June 13, 2013 - The Washington Post, Lonnae O'Neal Parker
Fifty years after the racial upheaval of the 1960s, Americans often like to say they don’t see color. They pretend not to see it even when it’s right in front of their faces, says artist Faith Ringgold. It’s a worldview she finds delusional, counterintuitive and impossible for artists like herself who traffic in color and shades of meaning.
“You don’t have to not see,” Ringgold says. “You can see and accept and love and allow. It’s okay. It’s okay. The more you look, the more real everybody becomes, and it’s okay.”
That’s one of the many messages in the comprehensive survey “American People, Black Light: Faith Ringgold’s Paintings of the 1960s,” opening June 21 at the National Museum of Women in the Arts. They are paintings of a nation convulsing from civil rights and feminist ideals. They are the faces and bodies of people going through massive social change during a time when the abstract traditions of Pollock and De Kooning held sway, and minimalism and pop art — cubes and commercial imagery — were ascending. It is a message that has come back around, though it’s taken decades.

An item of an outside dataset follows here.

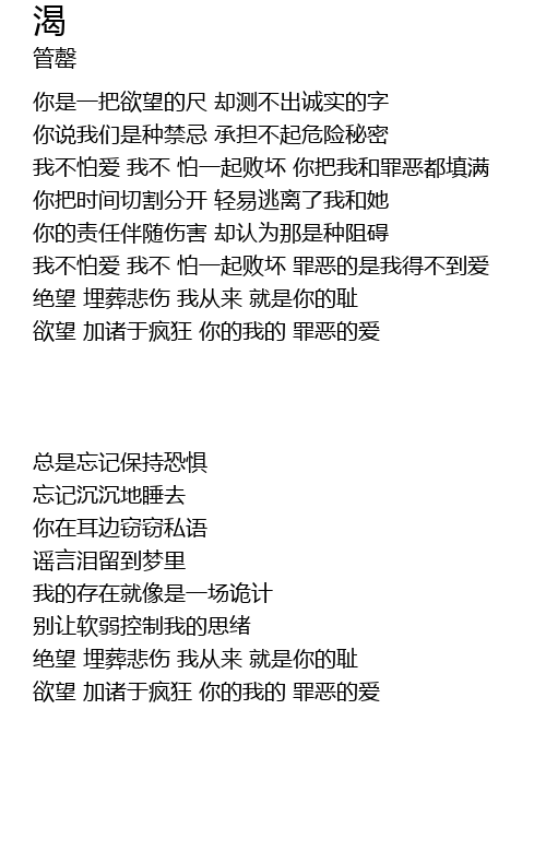 | 欲望 加诸于疯狂 你的我的 罪恶的爱 |

The 49-piece exhibition unfolds chronologically, taking up eight galleries and provoking visitors with paintings of enormous size, arresting intimacy and unsettling intensity. They are marked by large, emoting eyes, her signature U-shaped line descending from the eyebrows around the nose, and “high-keyed” blues, reds, and greens, colors that dominate not with brightness, but with depth. It is a style she calls super-realism — one that demands that viewers engage.